Kielan Arblastar, our Policy Involvement Assistant
On May 30 2018, President Donald Trump signed a bill which will give terminally ill patients the right to try clinical treatments not yet approved by the US Government.
The Bill prescribes patients with the right to try investigational drugs which only require approval from their physician and the drug manufacturer.
Quicker access to new clinical treatments is fundamental for improved survival rates for brain tumour patients. Only 25% of patients diagnosed with a glioblastoma, the most aggressive and common high-grade brain tumour, are expected to survive past a year and only 5% will live past five years.
The announcement could offer hope for brain tumour patients who have exhausted all other treatment options, empowering them to choose potentially life-saving drugs which have yet to secure regulatory approval.
How it works
The Right to Try Bill (RTT) attempts to circumvent the Food and Drug Administration’s (FDA) application process, where prescription of experimental drugs is only processed under “compassionate use”.
It will safeguard both companies and doctors from legal challenges derived from prescribing unapproved treatments to patients.
Historically, in order for treatment drugs to be approved by the FDA, drugs must go through a series of clinical trial phases.
Firstly, a drug’s manufacturer must demonstrate it is safe for human use whereby trials can have as little as 30 patients as test subjects.
30% of all clinical drug treatments do not move to the next trial stage.
The second phase tests how effective the drug treatment is for the condition it is designed for. It is of paramount importance this stage phases out drugs which have severe or permanent side-effects.
Only an apparent 33% of drugs reach the last stage, where drug manufacturers must test the product’s viability on 300 to 3,000 patients. This last trial process may take up to four years.
There is disagreement over the Bill’s necessity, however. The FDA approved 99% of patient applications for access to clinical drug treatments since 2009, where requests are usually granted within a matter of a few days.
Proponents of RTT argue, however, the FDA’s compassionate use exceptions are only granted to a fraction of those who need it – 1,200 patients a year – because the application process is expensive, time-consuming and complicated.
If there is a promising treatment available, it can take more than 10 years for it to pass the clinical trial process and become available for patients.
Is it the UK’s turn?
Given both RTT’s potential advantages and shortcomings, is it time for the UK to have the right to try?
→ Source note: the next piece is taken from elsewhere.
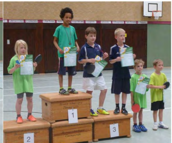
Jungen 2005 und jünger (16 Teilnehmer)

The UK already has something similar to RTT in place already – the Accelerated Access Pathway (AAC).
From April 2018, five medical devices or drugs will be selected for a fast-track process each year, meaning clinical drug treatments will be more readily available for uptake on the NHS.
The hope is twofold; it is intended to help provide clinical treatments for diseases such as dementia and cancer but also to put the UK on the trial location map.
One pressing issue is the accelerated process will only apply to the NHS and not the regulatory parameters surrounding new drug treatments.
There will still be in place a lengthy process of securing regulatory approval from either the European Medicines Agency or the UK Medicines and Healthcare products Regulatory Agency, both of which require the completion of a clinical trial process for safety and efficacy purposes.
Whether the UK should decide to press on with the AAC or develop a new initiative of accelerated clinical drug treatments remains a debate to be had, but time is limited – the NHS and regulatory bodies must weigh up the harm to patients from unexpected side-effects versus the ever pressing need to implement access to potentially life-saving treatment.
What is clear is that patient voice should be at the centre of any debate on this.